━━━━━ DATA EXCERPTS ━━━━━

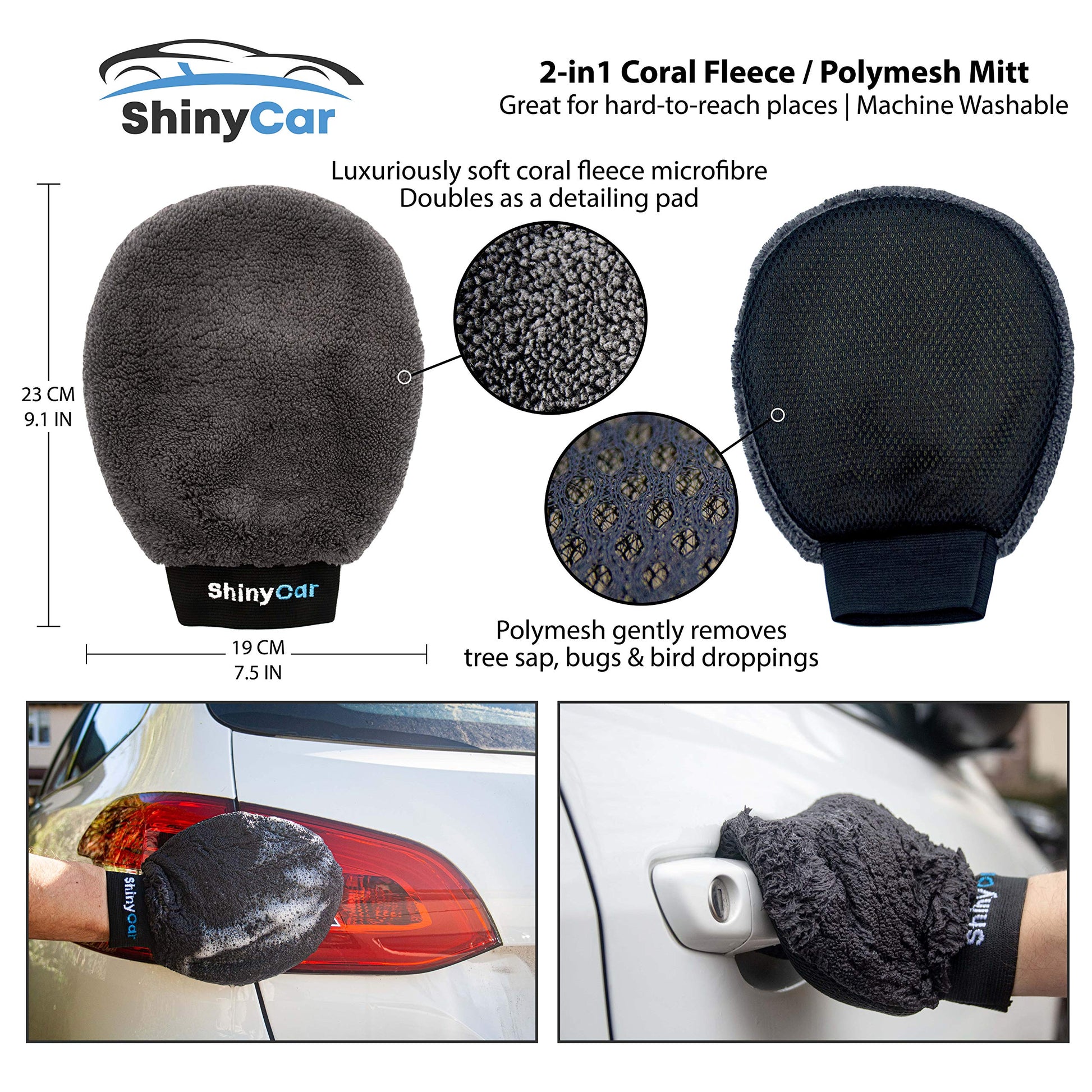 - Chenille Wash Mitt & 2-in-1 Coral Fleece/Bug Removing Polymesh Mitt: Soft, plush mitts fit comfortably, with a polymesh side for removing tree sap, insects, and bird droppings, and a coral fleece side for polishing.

━━━━━
━━━━━ DATA EXCERPTS ━━━━━

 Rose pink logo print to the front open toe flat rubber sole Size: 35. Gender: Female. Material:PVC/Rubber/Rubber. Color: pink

━━━━━
━━━━━ DATA EXCERPTS ━━━━━

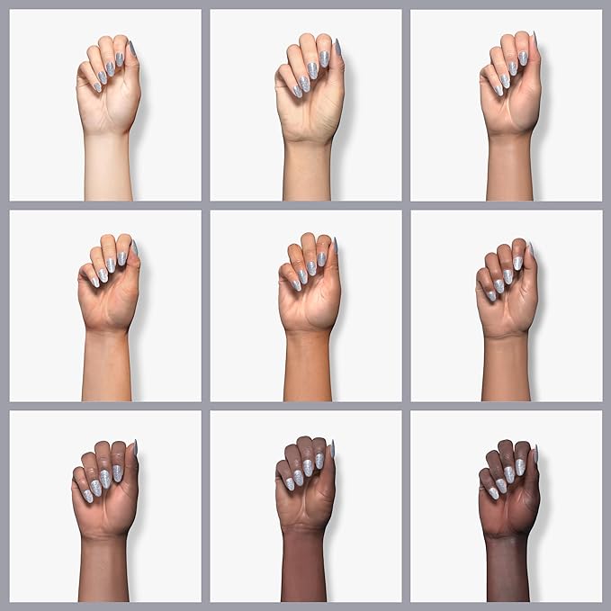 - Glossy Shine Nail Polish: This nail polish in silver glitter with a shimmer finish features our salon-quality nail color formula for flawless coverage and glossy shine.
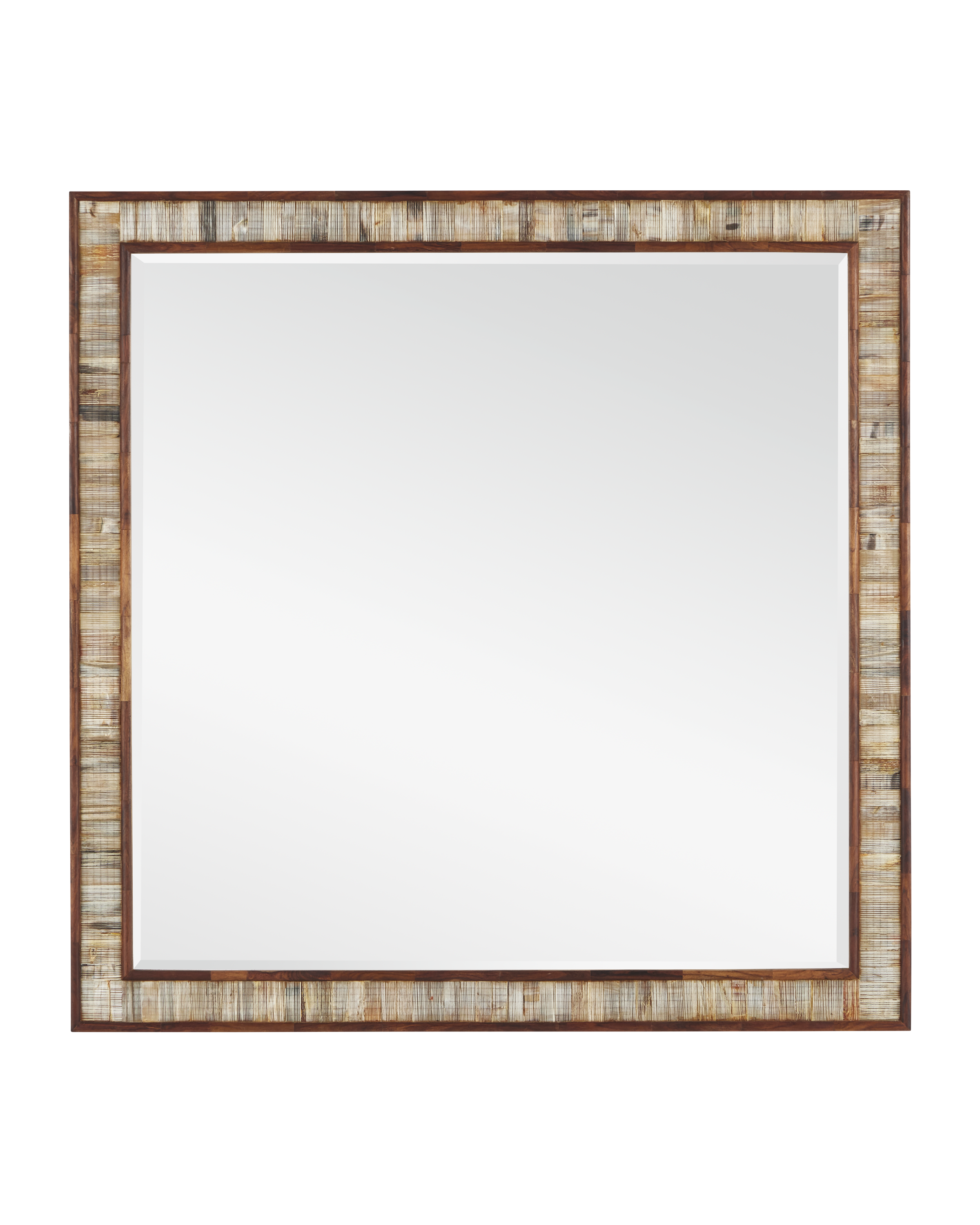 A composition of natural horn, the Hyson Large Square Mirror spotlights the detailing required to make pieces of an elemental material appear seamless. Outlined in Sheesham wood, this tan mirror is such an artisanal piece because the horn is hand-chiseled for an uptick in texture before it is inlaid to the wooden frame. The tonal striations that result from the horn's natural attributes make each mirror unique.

━━━━━

WORK TASK | Would you write out exactly the lines above, starting at the line containing "- Glossy Shine" and stopping after the line containing "A composition of"? Omit the pictures.

ANSWER SPACE |
 - Glossy Shine Nail Polish: This nail polish in silver glitter with a shimmer finish features our salon-quality nail color formula for flawless coverage and glossy shine.
 A composition of natural horn, the Hyson Large Square Mirror spotlights the detailing required to make pieces of an elemental material appear seamless. Outlined in Sheesham wood, this tan mirror is such an artisanal piece because the horn is hand-chiseled for an uptick in texture before it is inlaid to the wooden frame. The tonal striations that result from the horn's natural attributes make each mirror unique.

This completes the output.